§ **Work to be completed**:
Transcribe exactly the lines below that begin at the line with "ユニットマスタリーのために摩" and stop after the line with "Раскраска с наклейками.", leaving out every picture.

§ **Input for this task**:
————————
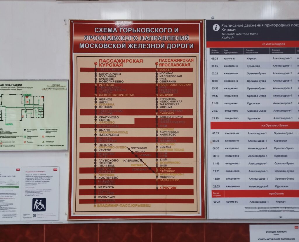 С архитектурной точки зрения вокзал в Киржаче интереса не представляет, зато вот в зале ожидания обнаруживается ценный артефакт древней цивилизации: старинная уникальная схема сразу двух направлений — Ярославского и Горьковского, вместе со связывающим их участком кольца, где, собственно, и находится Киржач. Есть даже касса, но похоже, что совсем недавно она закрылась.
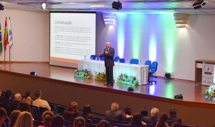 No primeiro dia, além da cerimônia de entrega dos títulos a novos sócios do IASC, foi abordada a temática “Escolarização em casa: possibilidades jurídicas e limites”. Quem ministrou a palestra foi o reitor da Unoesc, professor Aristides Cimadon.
————————
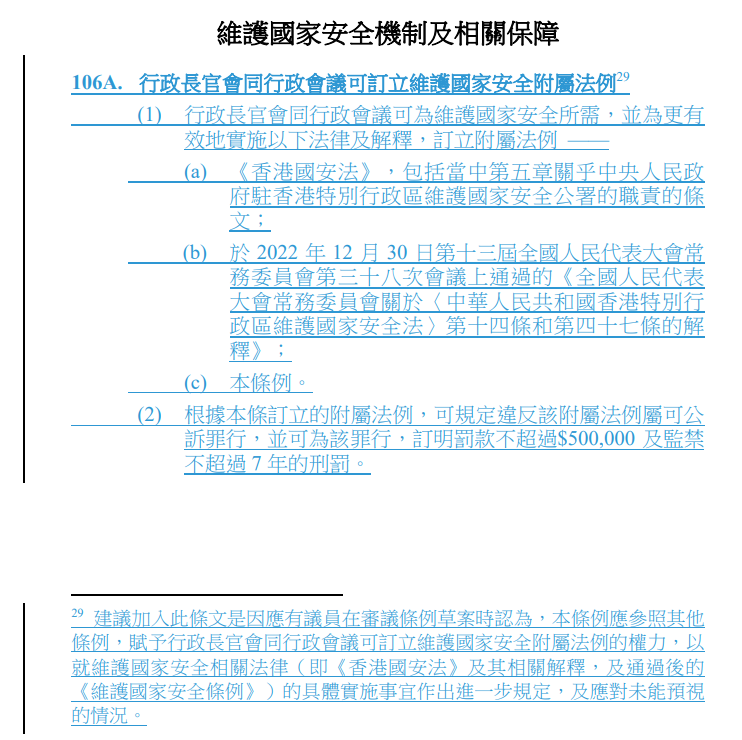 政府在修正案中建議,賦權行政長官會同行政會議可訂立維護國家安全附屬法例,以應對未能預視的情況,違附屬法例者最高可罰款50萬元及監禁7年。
————————
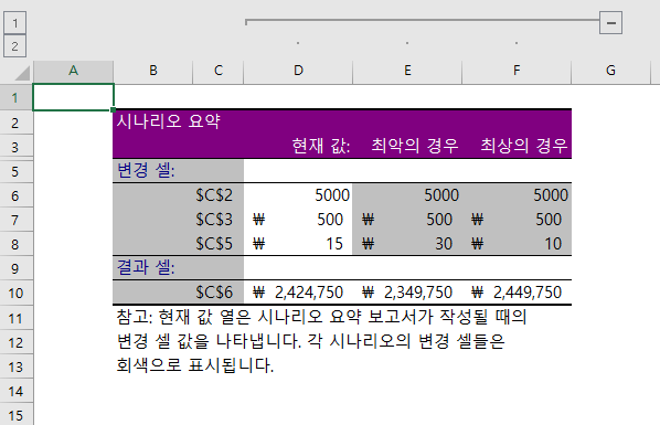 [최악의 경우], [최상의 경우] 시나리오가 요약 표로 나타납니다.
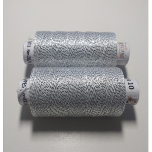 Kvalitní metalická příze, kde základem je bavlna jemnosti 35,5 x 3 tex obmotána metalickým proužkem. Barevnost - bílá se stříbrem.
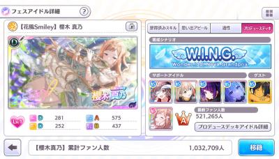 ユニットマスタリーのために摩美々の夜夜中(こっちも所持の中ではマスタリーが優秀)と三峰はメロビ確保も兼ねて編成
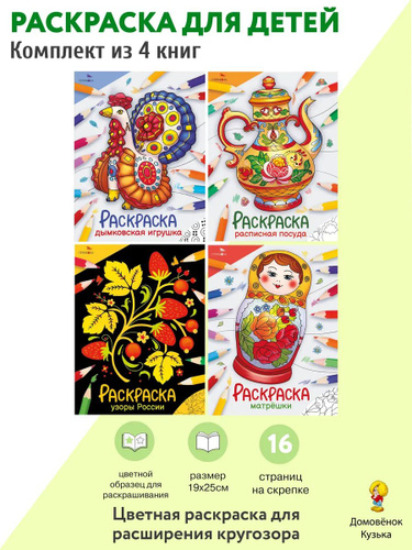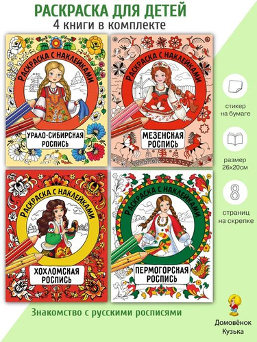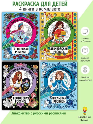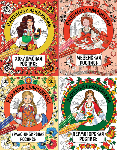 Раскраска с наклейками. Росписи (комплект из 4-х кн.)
————————
§ **Reply to the task**:
 ユニットマスタリーのために摩美々の夜夜中(こっちも所持の中ではマスタリーが優秀)と三峰はメロビ確保も兼ねて編成
 Раскраска с наклейками. Росписи (комплект из 4-х кн.)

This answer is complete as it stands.